[Provided data]

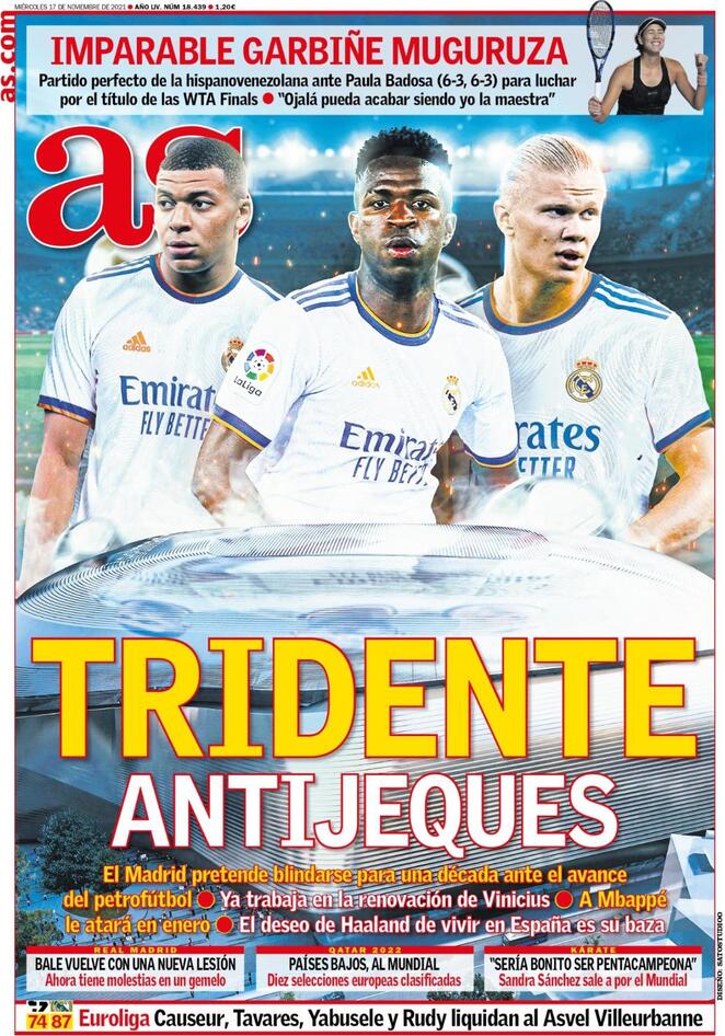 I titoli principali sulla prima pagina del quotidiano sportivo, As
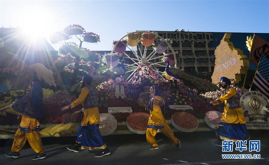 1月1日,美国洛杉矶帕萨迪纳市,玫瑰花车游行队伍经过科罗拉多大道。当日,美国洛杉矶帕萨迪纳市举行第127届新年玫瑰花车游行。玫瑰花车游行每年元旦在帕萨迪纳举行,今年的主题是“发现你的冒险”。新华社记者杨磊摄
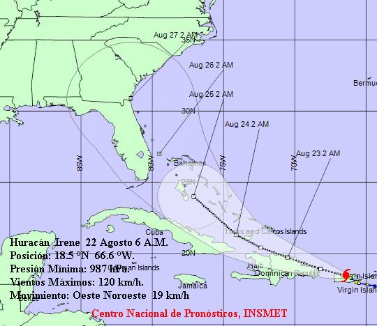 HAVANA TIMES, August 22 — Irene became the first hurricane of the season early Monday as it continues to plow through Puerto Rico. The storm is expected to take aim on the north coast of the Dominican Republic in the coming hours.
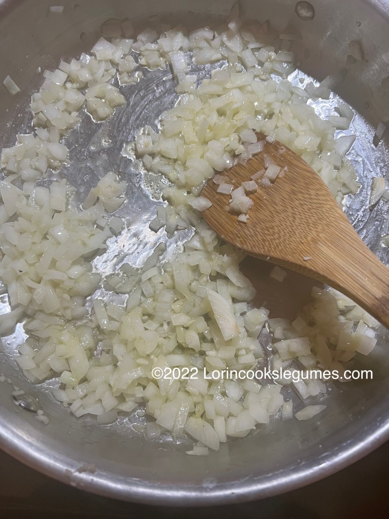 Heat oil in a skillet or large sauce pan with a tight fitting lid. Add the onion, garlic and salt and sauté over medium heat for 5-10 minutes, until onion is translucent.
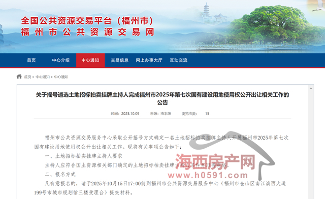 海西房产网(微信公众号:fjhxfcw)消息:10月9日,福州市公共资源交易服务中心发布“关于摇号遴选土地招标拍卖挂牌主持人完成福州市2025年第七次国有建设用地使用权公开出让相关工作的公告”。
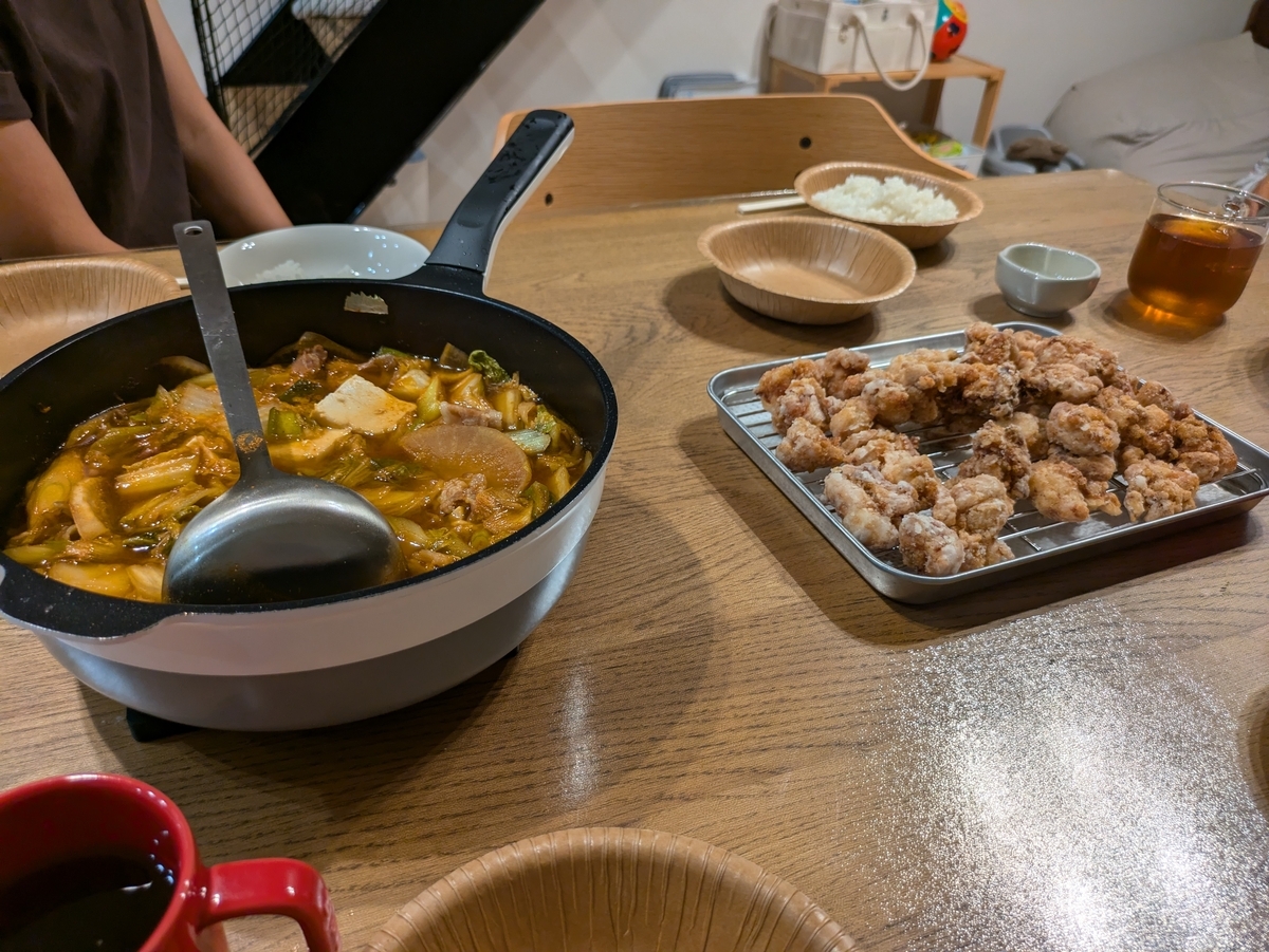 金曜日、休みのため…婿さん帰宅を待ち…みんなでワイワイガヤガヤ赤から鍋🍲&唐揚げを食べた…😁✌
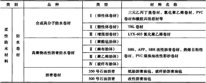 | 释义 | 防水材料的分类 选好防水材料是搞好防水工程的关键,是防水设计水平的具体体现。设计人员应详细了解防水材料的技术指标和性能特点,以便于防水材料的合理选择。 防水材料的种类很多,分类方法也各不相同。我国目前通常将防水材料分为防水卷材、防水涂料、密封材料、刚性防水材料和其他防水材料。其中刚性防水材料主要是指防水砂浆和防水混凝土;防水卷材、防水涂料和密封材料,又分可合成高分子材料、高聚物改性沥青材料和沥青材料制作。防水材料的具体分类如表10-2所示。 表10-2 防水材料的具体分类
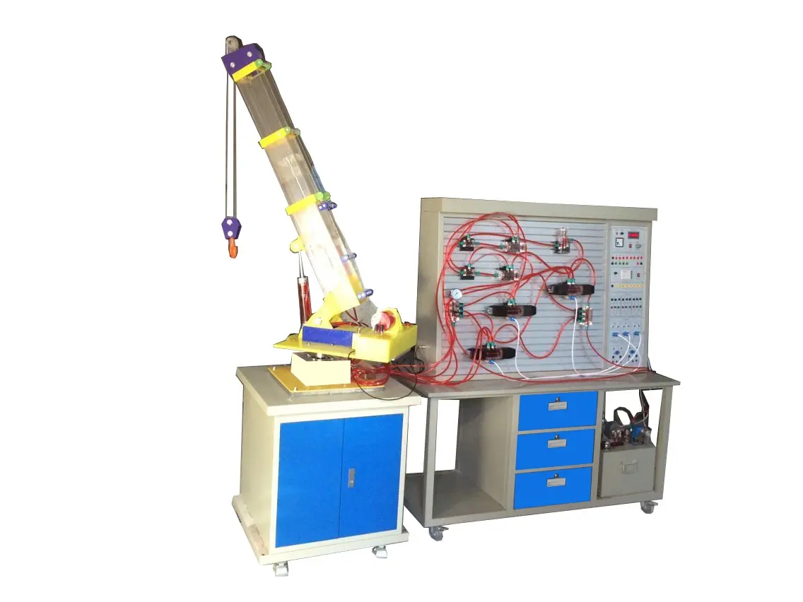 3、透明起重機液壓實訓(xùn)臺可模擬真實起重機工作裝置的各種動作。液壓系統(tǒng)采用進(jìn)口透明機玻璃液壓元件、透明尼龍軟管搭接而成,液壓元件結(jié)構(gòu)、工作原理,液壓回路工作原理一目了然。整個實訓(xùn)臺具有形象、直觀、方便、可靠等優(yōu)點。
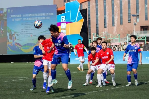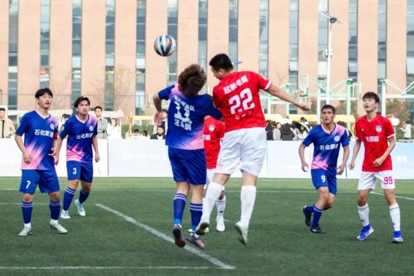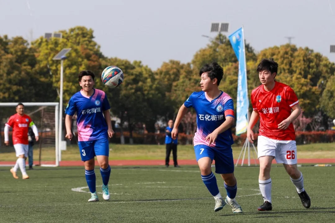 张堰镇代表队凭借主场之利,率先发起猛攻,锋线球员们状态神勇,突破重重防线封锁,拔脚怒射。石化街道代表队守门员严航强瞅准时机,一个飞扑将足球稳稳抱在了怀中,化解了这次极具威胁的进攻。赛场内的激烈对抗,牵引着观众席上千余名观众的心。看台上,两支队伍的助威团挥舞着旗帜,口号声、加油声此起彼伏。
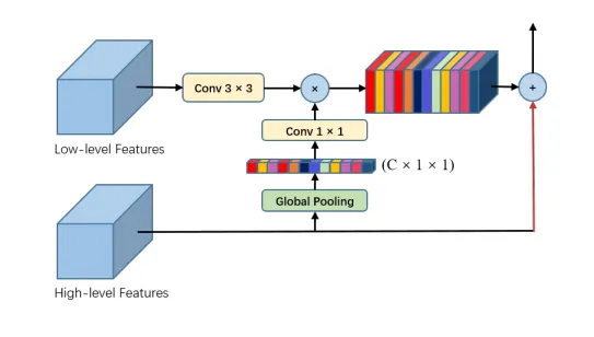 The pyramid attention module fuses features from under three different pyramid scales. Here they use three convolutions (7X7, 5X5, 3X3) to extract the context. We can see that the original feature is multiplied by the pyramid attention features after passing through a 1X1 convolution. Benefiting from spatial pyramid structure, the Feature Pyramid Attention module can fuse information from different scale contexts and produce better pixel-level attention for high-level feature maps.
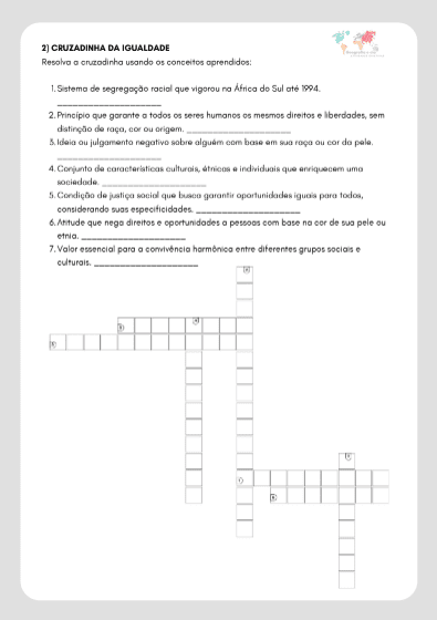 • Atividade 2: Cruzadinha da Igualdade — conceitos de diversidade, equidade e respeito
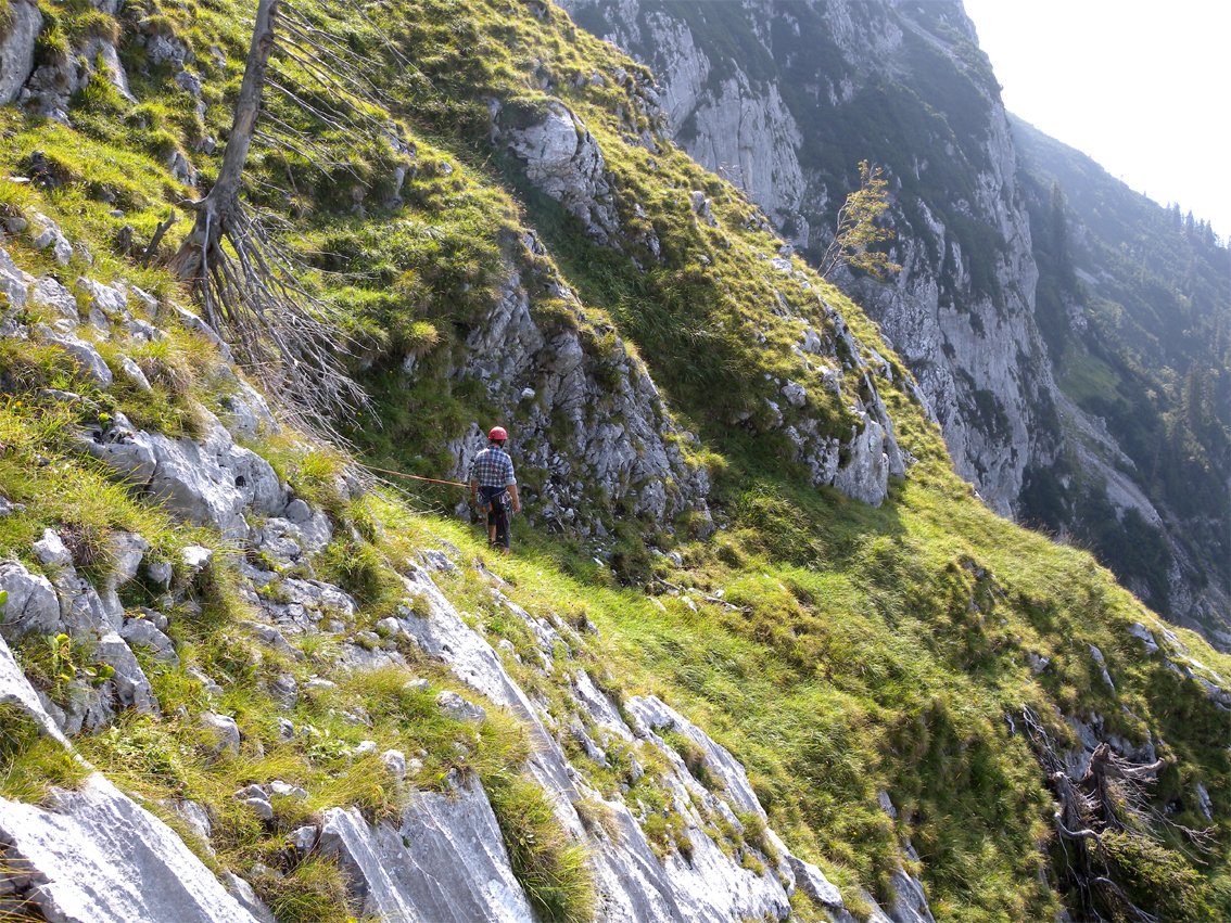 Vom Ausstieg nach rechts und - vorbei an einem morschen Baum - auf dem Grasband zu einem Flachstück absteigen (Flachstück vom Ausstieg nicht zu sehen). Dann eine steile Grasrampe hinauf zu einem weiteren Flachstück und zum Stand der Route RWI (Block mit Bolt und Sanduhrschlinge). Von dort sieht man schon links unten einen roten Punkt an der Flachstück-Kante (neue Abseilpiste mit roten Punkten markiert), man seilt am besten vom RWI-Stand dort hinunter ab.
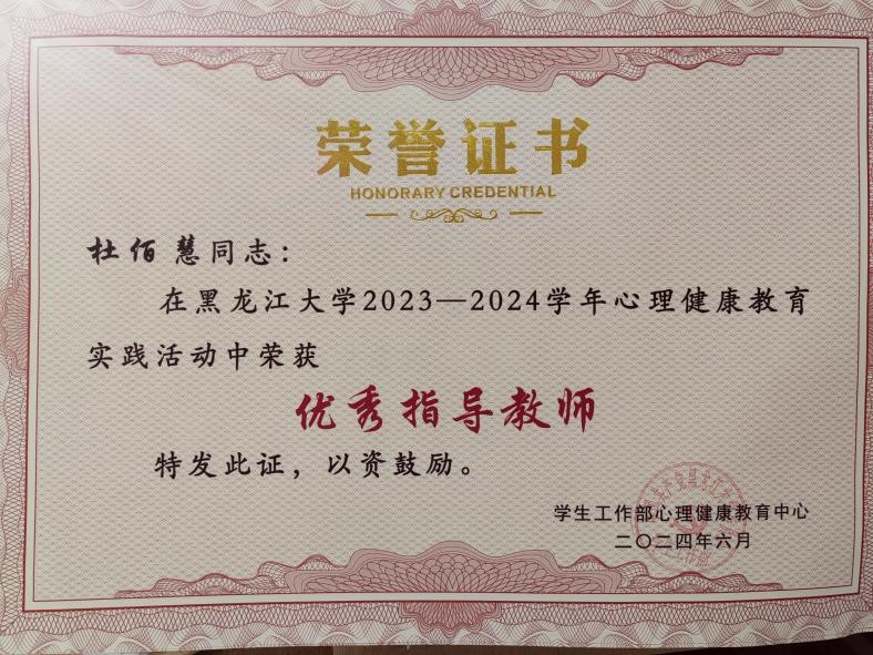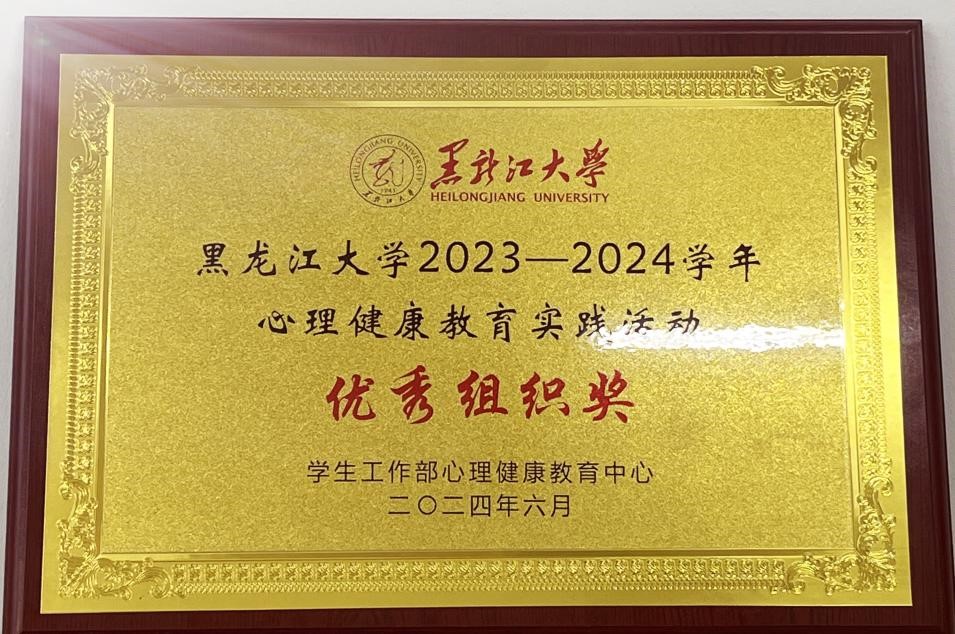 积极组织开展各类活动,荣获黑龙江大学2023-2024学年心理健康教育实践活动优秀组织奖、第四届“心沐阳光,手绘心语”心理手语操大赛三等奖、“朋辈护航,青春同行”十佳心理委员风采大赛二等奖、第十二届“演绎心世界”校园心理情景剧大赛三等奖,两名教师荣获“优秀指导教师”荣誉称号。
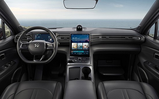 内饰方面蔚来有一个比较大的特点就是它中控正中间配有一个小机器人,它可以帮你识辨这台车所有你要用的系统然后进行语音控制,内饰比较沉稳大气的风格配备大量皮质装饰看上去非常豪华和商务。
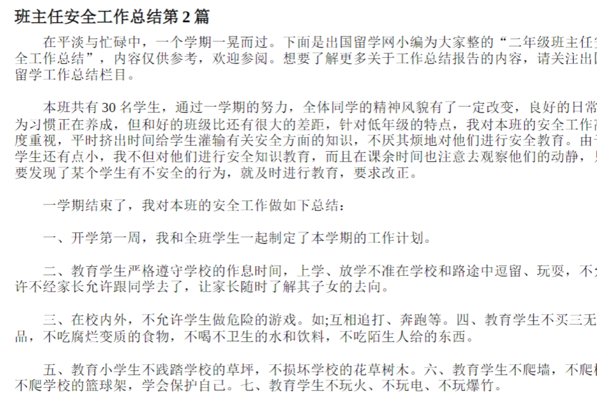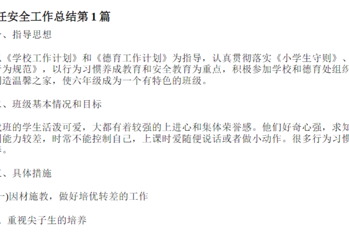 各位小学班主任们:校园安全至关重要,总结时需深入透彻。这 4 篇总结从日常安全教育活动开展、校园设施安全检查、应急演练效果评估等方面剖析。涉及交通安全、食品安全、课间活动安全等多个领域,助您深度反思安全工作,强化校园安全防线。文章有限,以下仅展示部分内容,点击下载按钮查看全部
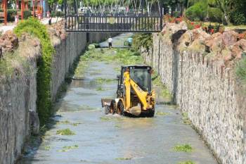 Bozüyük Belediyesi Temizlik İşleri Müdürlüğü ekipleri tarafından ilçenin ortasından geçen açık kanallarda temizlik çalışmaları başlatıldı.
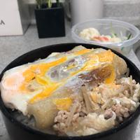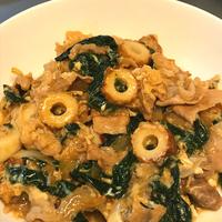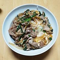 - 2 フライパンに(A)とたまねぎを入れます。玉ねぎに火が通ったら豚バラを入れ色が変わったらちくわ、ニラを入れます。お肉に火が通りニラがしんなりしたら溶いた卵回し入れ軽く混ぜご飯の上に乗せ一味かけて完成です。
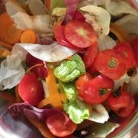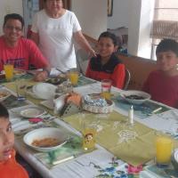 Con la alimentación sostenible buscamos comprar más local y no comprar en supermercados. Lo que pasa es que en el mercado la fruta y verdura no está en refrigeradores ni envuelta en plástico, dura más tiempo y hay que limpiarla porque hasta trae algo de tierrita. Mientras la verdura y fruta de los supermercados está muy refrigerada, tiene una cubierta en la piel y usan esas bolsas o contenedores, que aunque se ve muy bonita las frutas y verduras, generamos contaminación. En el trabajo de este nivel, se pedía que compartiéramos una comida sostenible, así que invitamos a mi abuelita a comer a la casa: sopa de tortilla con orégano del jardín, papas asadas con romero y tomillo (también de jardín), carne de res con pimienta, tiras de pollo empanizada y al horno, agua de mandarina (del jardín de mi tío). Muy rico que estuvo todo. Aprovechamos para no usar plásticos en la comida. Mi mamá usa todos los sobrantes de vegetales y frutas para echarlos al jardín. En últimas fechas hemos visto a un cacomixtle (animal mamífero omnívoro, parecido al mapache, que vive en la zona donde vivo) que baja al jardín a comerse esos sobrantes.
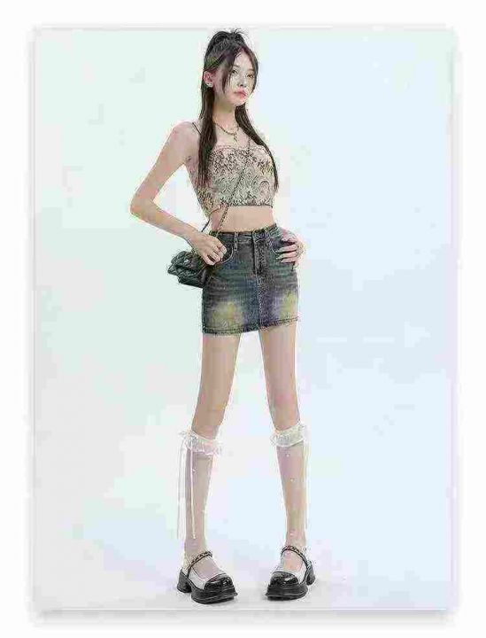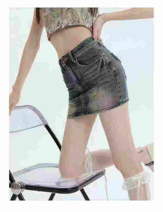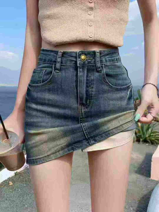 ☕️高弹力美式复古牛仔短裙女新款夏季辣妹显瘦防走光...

[Task item] Print from the line containing "海西房产网(微信公众号:fj" through the line containing "张堰镇代表队凭借主场之利,率" in the data above, exactly as the lines stand, and omit every picture.

[Task solution]
 海西房产网(微信公众号:fjhxfcw)消息:10月9日,福州市公共资源交易服务中心发布“关于摇号遴选土地招标拍卖挂牌主持人完成福州市2025年第七次国有建设用地使用权公开出让相关工作的公告”。
 金曜日、休みのため…婿さん帰宅を待ち…みんなでワイワイガヤガヤ赤から鍋🍲&唐揚げを食べた…😁✌
 | 释义 | 防水材料的分类 选好防水材料是搞好防水工程的关键,是防水设计水平的具体体现。设计人员应详细了解防水材料的技术指标和性能特点,以便于防水材料的合理选择。 防水材料的种类很多,分类方法也各不相同。我国目前通常将防水材料分为防水卷材、防水涂料、密封材料、刚性防水材料和其他防水材料。其中刚性防水材料主要是指防水砂浆和防水混凝土;防水卷材、防水涂料和密封材料,又分可合成高分子材料、高聚物改性沥青材料和沥青材料制作。防水材料的具体分类如表10-2所示。 表10-2 防水材料的具体分类
 3、透明起重機液壓實訓(xùn)臺可模擬真實起重機工作裝置的各種動作。液壓系統(tǒng)采用進(jìn)口透明機玻璃液壓元件、透明尼龍軟管搭接而成,液壓元件結(jié)構(gòu)、工作原理,液壓回路工作原理一目了然。整個實訓(xùn)臺具有形象、直觀、方便、可靠等優(yōu)點。
 张堰镇代表队凭借主场之利,率先发起猛攻,锋线球员们状态神勇,突破重重防线封锁,拔脚怒射。石化街道代表队守门员严航强瞅准时机,一个飞扑将足球稳稳抱在了怀中,化解了这次极具威胁的进攻。赛场内的激烈对抗,牵引着观众席上千余名观众的心。看台上,两支队伍的助威团挥舞着旗帜,口号声、加油声此起彼伏。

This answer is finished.